● WORK INSTRUCTIONS
Without the images, output every record exactly as it appears.

*** STUDY MATERIAL Section Begins ***

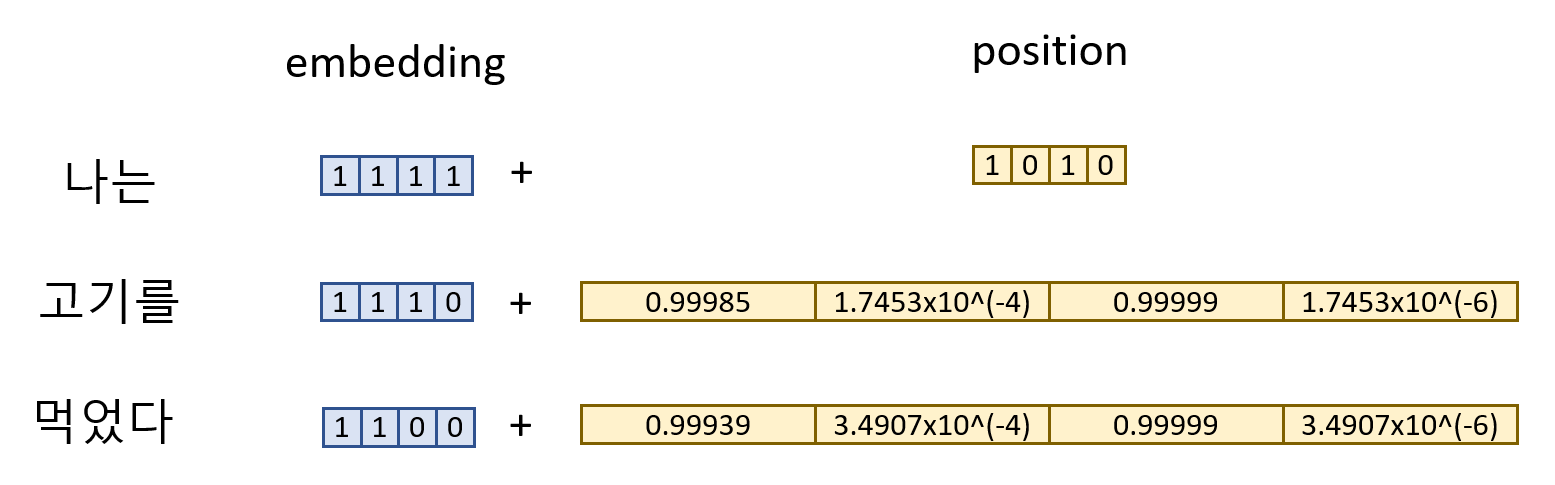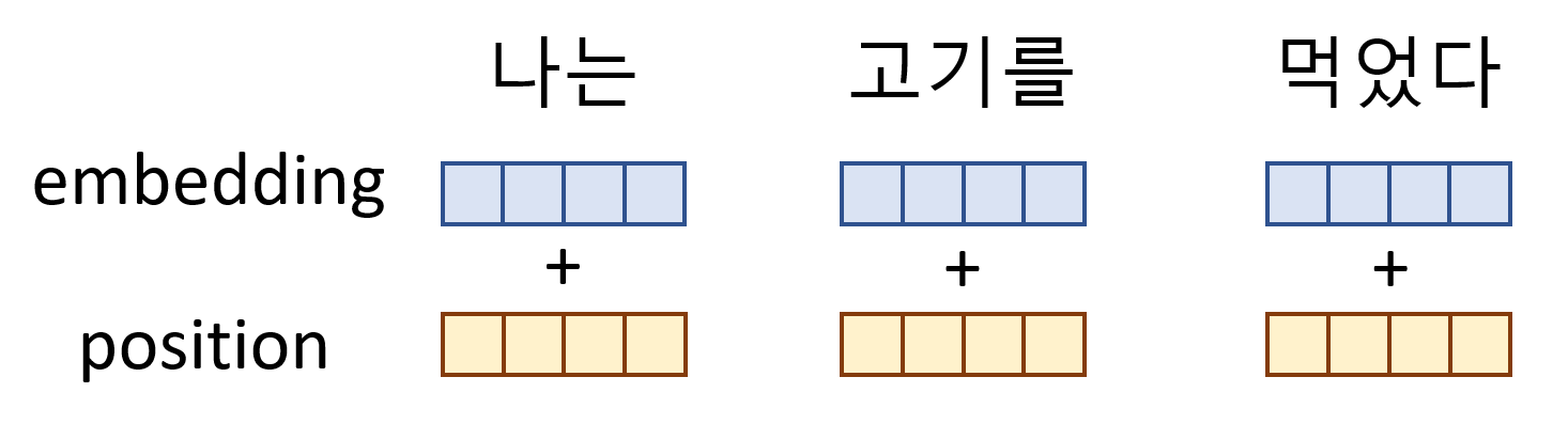 그러면 어떻게 이러한 시간 순서 문제를 해결할 수 있을까요? 답은 의외로 간단합니다. 각 단어 임베딩에 순서가 들어간 정보를 더해주면됩니다. 예를 들어 위에서 "나는 고기를 먹었다."라는 문장의 경우 각 단어들의 embedding 벡터에 각 단어들의 position embedding을 아래와 같이 더해주면 됩니다.
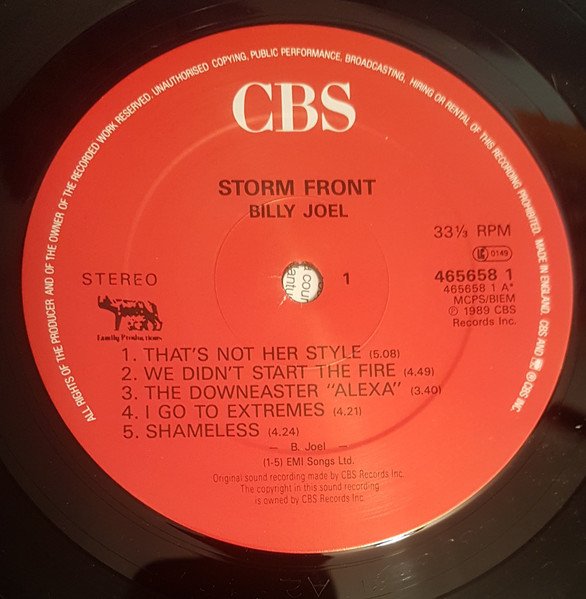 Billy Joel : Storm Front (LP, Album)CBS, Family Productions
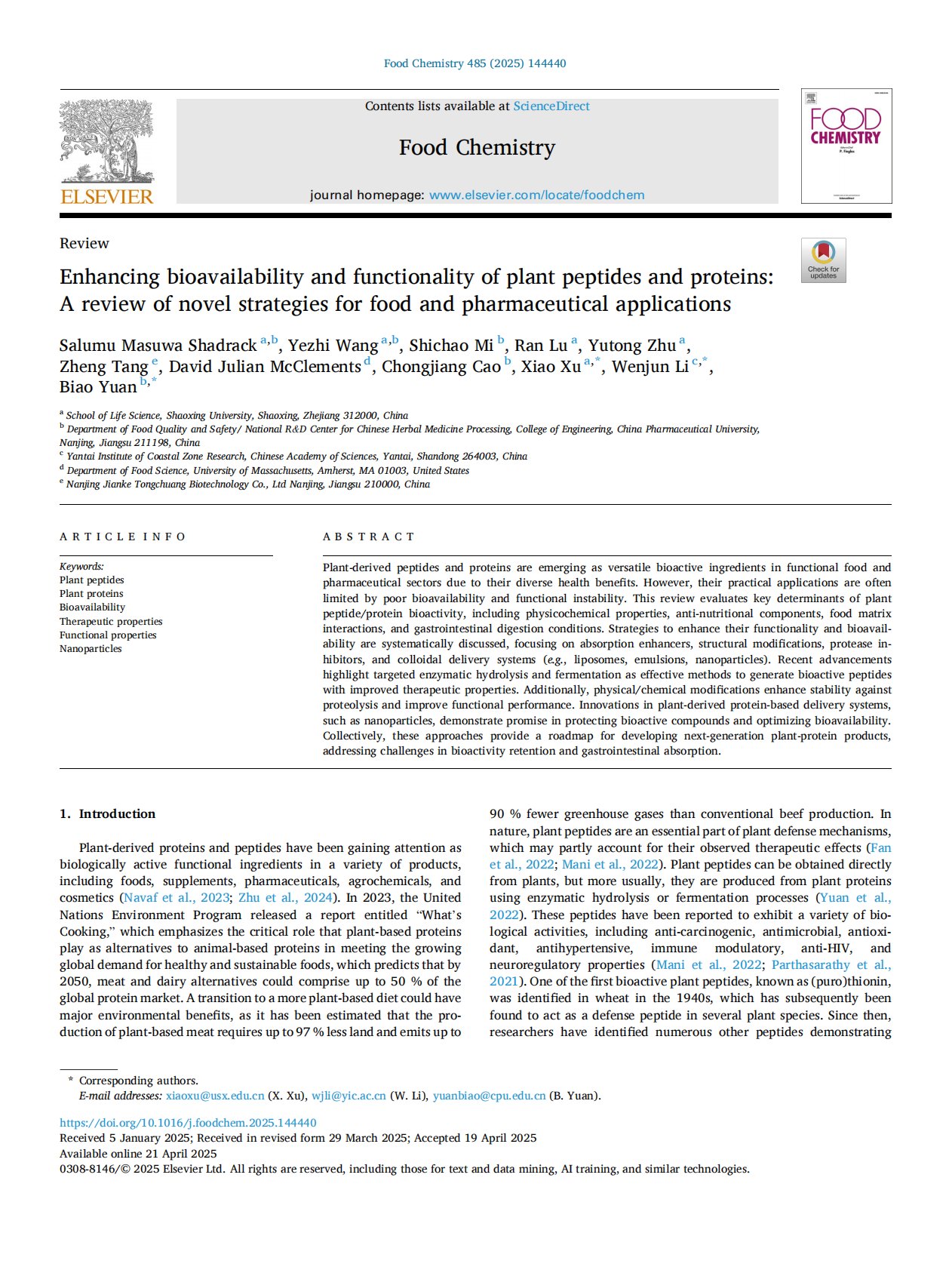 Enhancing bioavailability and functionality of plant peptides and proteins: A review of novel strategies for food and pharmaceutical applications
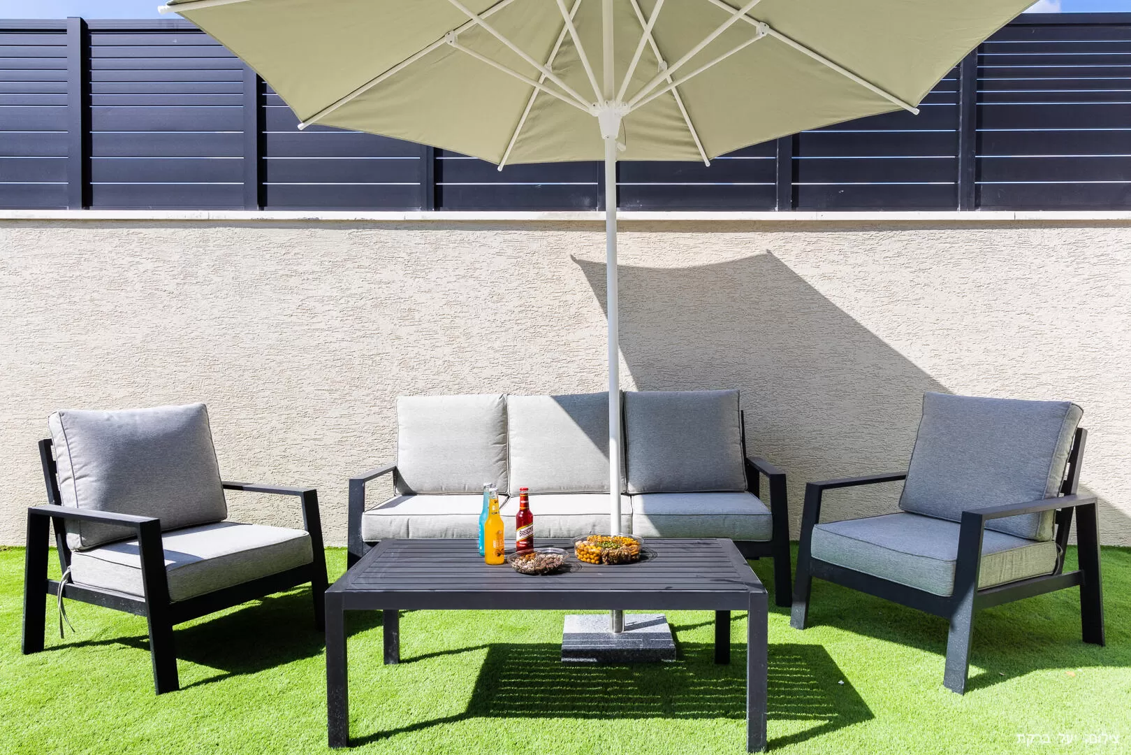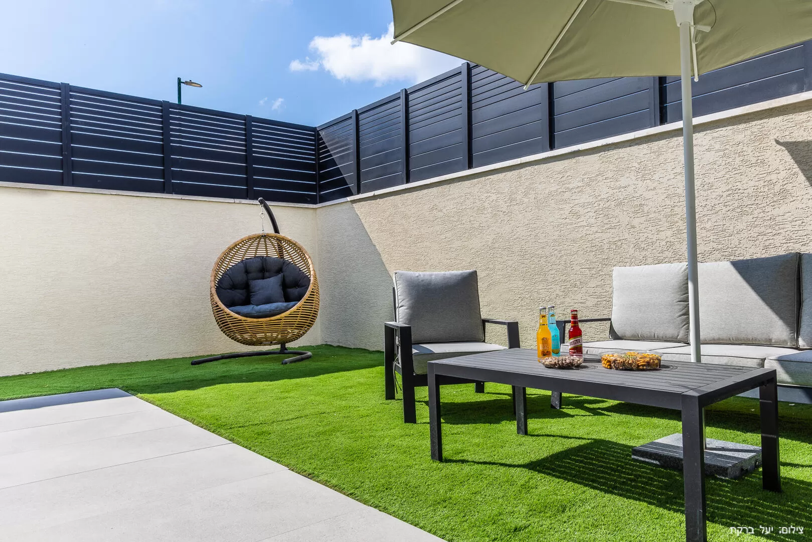 מתחת לגזיבו ענקי בלב המדשאה, תמצאו אזור ישיבה גדול שמזמין את כולם להתכנס יחד, והמרחב כולו כולל ערסלים, נדנדות, קונכיות רביצה, ואזורי ישיבה בסגנון סלוני. שפע אזורי הישיבה מאפשרים זמן שקט ופרטי גם כשמתארחים כאן בקבוצה גדולה. לקטנטנים שבחבורה יחכו כאן מתקני שעשועים, ולגדולים יותר שולחן פינג פונג ופוקר למשחקים סוערים.
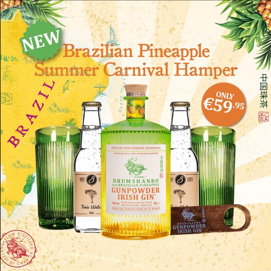 x 1 Drumshanbo Gunpowder Irish Gin with Brazilian Pineapple (700ml), x2 Drumshanbo Green Gin Glasses, x2 Premium Tonic Waters, x1 Drumshanbo Copper Barblade
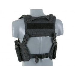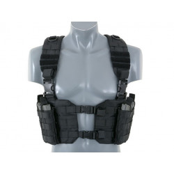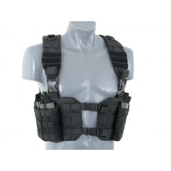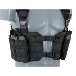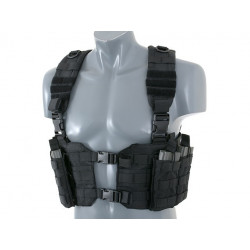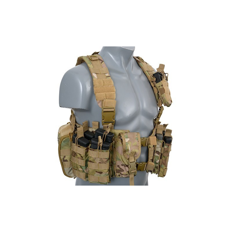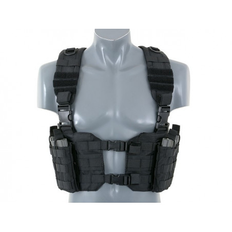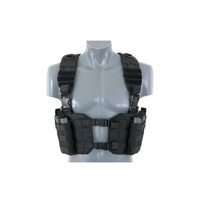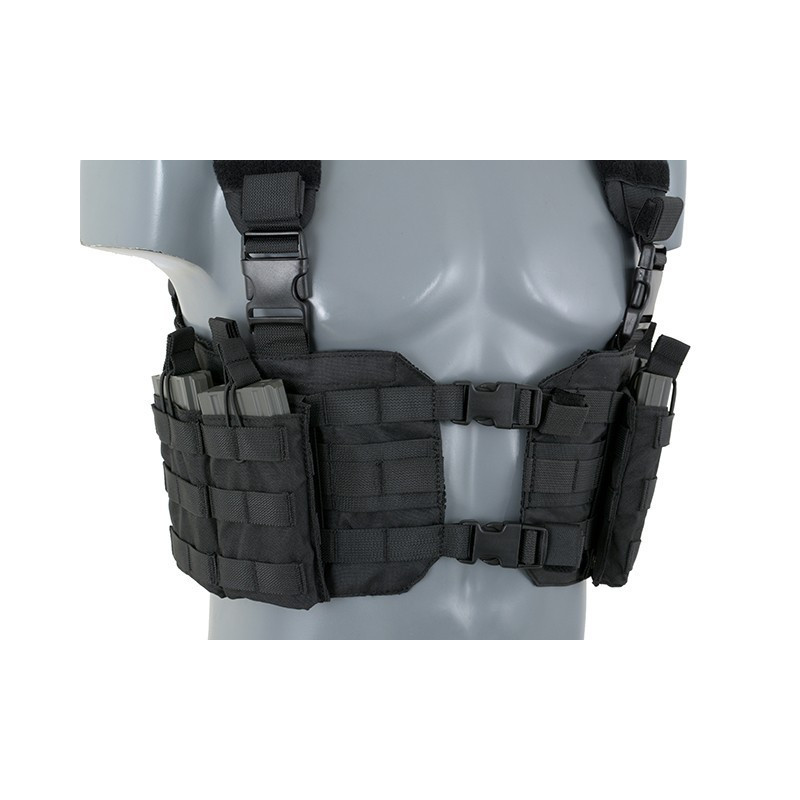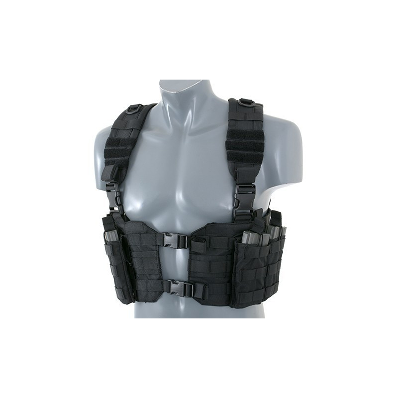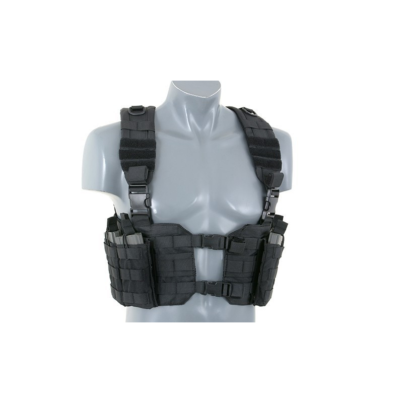 O Chest Harness é bastante utilizado por soldados profissionais para carregar magazines e outros itens essenciais. O corpo do arnês do tórax apresenta um fecho da fivela QR do centro para facilitar a remoção do equipamento do seu corpo. As alças acolchoadas ajustáveis e um arnês traseiro H ajustável permitem que este equipamento se adapte a qualquer tamanho do operador.
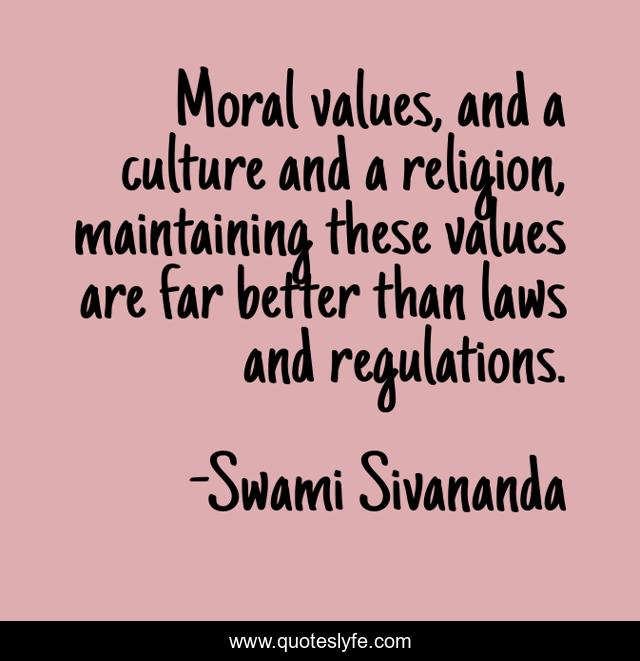 This page presents the quote "Moral values, and a culture and a religion, maintaining these values are far better than laws and regulations.". Author of this quote is Swami Sivananda. This quote is about culture, values, moral,.

*** STUDY MATERIAL Section Ends ***

● TASK OUTPUT
 그러면 어떻게 이러한 시간 순서 문제를 해결할 수 있을까요? 답은 의외로 간단합니다. 각 단어 임베딩에 순서가 들어간 정보를 더해주면됩니다. 예를 들어 위에서 "나는 고기를 먹었다."라는 문장의 경우 각 단어들의 embedding 벡터에 각 단어들의 position embedding을 아래와 같이 더해주면 됩니다.
 Billy Joel : Storm Front (LP, Album)CBS, Family Productions
 Enhancing bioavailability and functionality of plant peptides and proteins: A review of novel strategies for food and pharmaceutical applications
 מתחת לגזיבו ענקי בלב המדשאה, תמצאו אזור ישיבה גדול שמזמין את כולם להתכנס יחד, והמרחב כולו כולל ערסלים, נדנדות, קונכיות רביצה, ואזורי ישיבה בסגנון סלוני. שפע אזורי הישיבה מאפשרים זמן שקט ופרטי גם כשמתארחים כאן בקבוצה גדולה. לקטנטנים שבחבורה יחכו כאן מתקני שעשועים, ולגדולים יותר שולחן פינג פונג ופוקר למשחקים סוערים.
 x 1 Drumshanbo Gunpowder Irish Gin with Brazilian Pineapple (700ml), x2 Drumshanbo Green Gin Glasses, x2 Premium Tonic Waters, x1 Drumshanbo Copper Barblade
 O Chest Harness é bastante utilizado por soldados profissionais para carregar magazines e outros itens essenciais. O corpo do arnês do tórax apresenta um fecho da fivela QR do centro para facilitar a remoção do equipamento do seu corpo. As alças acolchoadas ajustáveis e um arnês traseiro H ajustável permitem que este equipamento se adapte a qualquer tamanho do operador.
 This page presents the quote "Moral values, and a culture and a religion, maintaining these values are far better than laws and regulations.". Author of this quote is Swami Sivananda. This quote is about culture, values, moral,.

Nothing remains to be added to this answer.